The image didn’t frighten me. That truth frightened me most of all.
I looked at the clock. 4:38 A.M. Rise and whine. I’d had my usual fitful four and a half hours of sleep. Trying for more was an exercise in futility.
Trembling, I forced my legs over the edge of the bed and got up, pulling a deep blue chenille throw around my shoulders. The fabric was soft, luxurious, warm. I made special note of the sensations. You’re always more intensely alive the closer you come to looking death in the face.
I wondered if Hector Ramirez had realized that the split second before I got him killed.
I wondered that every day.
I dropped the throw and went into the bathroom.
“Good morning, Elena. You look like shit.”
Too thin. Hair a wild black tangle. Eyes too large, too dark, as if there was nothing within to shine outward. The crux of my problem: lack of substance. There was---is--a vague asymmetry to my face, like a porcelain vase that has been broken, then painstakingly restored. The same vase it was before, and yet not the same. The same face I was born with, yet not the same. Slightly skewed and strangely expressionless. I was beautiful once.

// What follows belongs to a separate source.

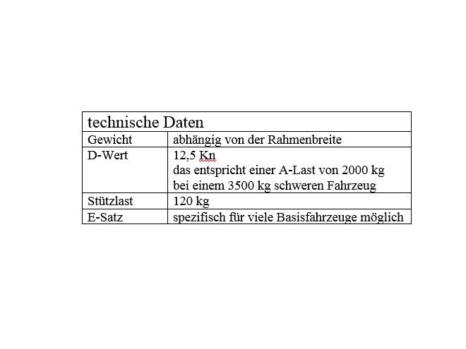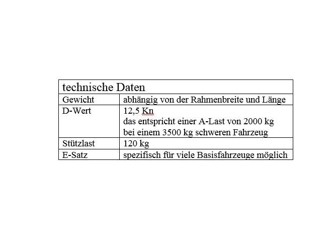 Diese AHK ist speziell auf Fahrzeuge mit ALKO-Chassis sowie tragfähigen Rahmenverlängerungen ausgelegt. Je nach Rahmenhöhen kann diese AHK mit speziellen Abhangplatten so angepasst werden, dass eine optimale Kugelhöhe erzielt wird. Durch die spezielle Geometrie dieser AHK ergeben sich verschiedene Montagevarianten, die es erlauben, eine max. Bodenfreiheit in Bezug auf die geforderte Kugelhöhe zu erzielen. Technische Eigenschaften dieser AHK siehe Bild – technische Daten. Ob diese AHK für Ihr Fahrzeug in Frage kommt, fragen Sie bitte konkret an – wir erstellen dann ein maßgeschneidertes Angebot.Für Fahrzeuge mit ALKO-Chassis und tragfähigen Rahmen

I reached for a comb on the counter, knocked it to the floor, grabbed a brush instead. Start at the bottom, work upward. Like combing a horse’s tail. Work the knots out gently. But I had already tired of looking at myself. Anger and resentment bubbled up through me, and I tore the brush through the hair, shoving the snarls together and tangling the brush in the midst of the mess. I tried maybe forty-five seconds to extricate the thing, yanking at the brush, tearing at the hair above the snarl, not caring that I was pulling hairs out of my head by the roots. I swore aloud, swatted at my image in the mirror, swept the tumbler and soap dish off the counter in a tantrum, and they smashed on the tile floor. Then I jerked open a drawer in the vanity and pulled out a scissors.
Furious, shaking, breathing hard, I cut the brush free. It dropped to the floor with a mass of black hair wrapped around it. The pressure in my chest eased. Numbness trickled down through me like rain. Calm.
Without emotion, I proceeded to hack away at the rest of my mane, cutting it boy-short in ten minutes. The end result was ragged, with a finger-in-the-light-socket quality. Still, I’d seen worse in Vogue.
I swept up the mess---the discarded hair, the broken glass--tossed it in the trash and walked out of the room.
I’d worn my hair long as long as I could remember.